Clinical waste plants avoid costly upgrades required by EC Directive

Some clinical waste incinerators appear to be continuing to burn hazardous prescription-only medicines (POMs) without regard to new safeguards required under EC legislation. The situation arises because the legislation has been implemented confusingly and with little allowance for poor waste segregation practices in many hospitals.

Clinical waste comprises many materials, relatively few of which are classified as "hazardous waste" under EC legislation. Some prescription-only medicines (POMs) are an exception.

Burning hazardous waste fell under new controls this summer thanks to the 1994 EC Directive on hazardous waste incineration. The Directive requires operators to install more sophisticated monitoring equipment and introduces tighter emission limits and new controls on solid and liquid residues.

The Government introduced regulations to implement the Directive in 1998 (ENDS Report 279, pp 34-35 ). These brought clinical waste plants burning "hazardous waste" under the integrated pollution control (IPC) regime from 30 June 2000. Confusingly, however, clinical waste plants that do not burn "hazardous" POMs can continue to operate under the local air pollution control (LAPC) regime.

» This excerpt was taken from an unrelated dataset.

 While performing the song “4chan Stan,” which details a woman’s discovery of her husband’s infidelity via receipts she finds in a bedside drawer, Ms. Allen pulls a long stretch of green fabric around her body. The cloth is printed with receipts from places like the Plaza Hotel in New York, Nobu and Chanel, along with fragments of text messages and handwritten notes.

Adding to the murky picture, just because POMs count as "special waste" under British legislation they are not necessarily "hazardous waste". To fall under the EC definition, they must also exhibit properties such as toxicity and carcinogenicity. Forthcoming revisions to the EC hazardous waste list may further complicate the picture.

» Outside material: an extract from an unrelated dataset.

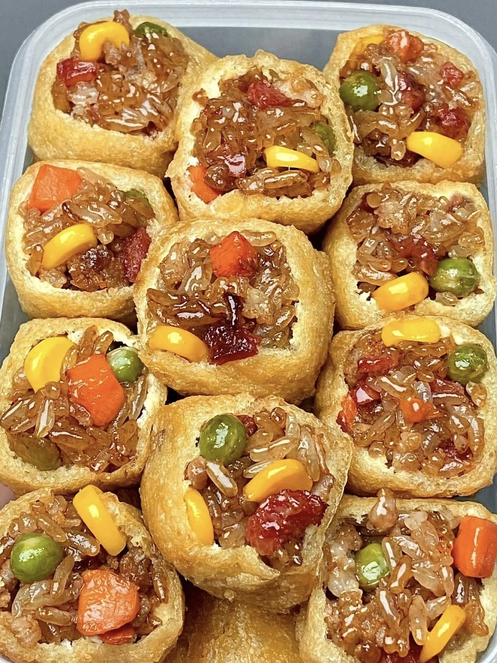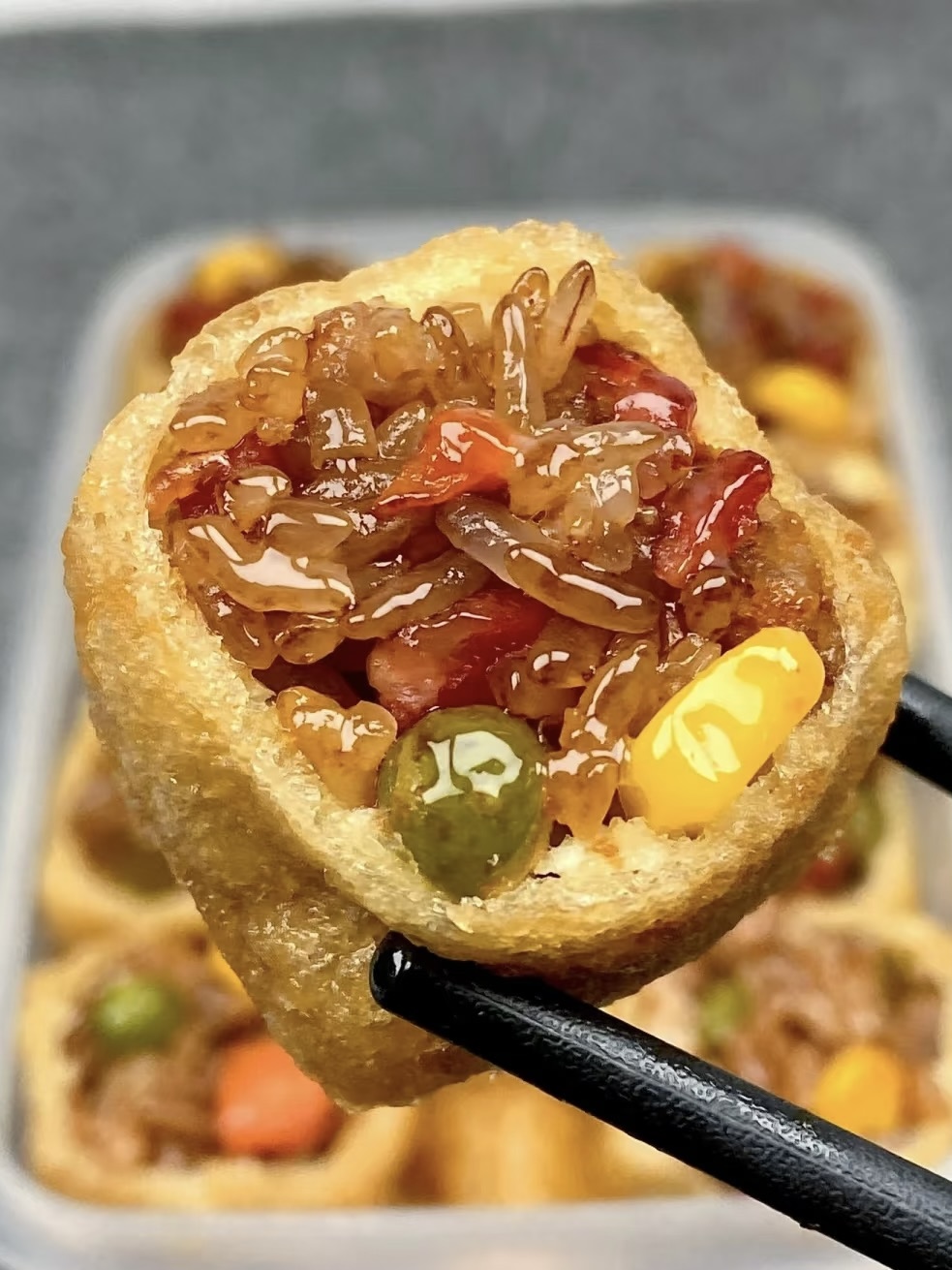 成品登场:豆泡金黄鼓胀,挂着晶亮酱汁;糯米馅奶白饱满,像一颗颗“小金砖”;葱花绿得晃眼,像给“小肉弹”点了“森林星光”。先来一口豆泡——外层吸满酱汁,内里糯到像棉花糖,轻轻一咬,肉汁在舌尖爆开;再嚼糯米馅,外层吸满酱香,内里糯到像云朵,轻轻一嚼,腊肠香混着玉米甜在舌尖跳舞;配一口白粥,汤汁渗进米粒,不知不觉碗底朝天;空口吃也过瘾,鲜到手指都想舔干净。

A more robust, and far less confusing, approach might have been to bring the incineration of all "special" waste under the new controls - but this would have added to NHS waste management costs and may well have proved unpopular with the Department of Health.

In spite of the Directive, around 30 clinical waste plants are continuing to operate under the LAPC regime, and only three have moved up to IPC. Clinical waste companies seem far from convinced that proper measures are in place to segregate hazardous POMs so that they are not burned in LAPC plants.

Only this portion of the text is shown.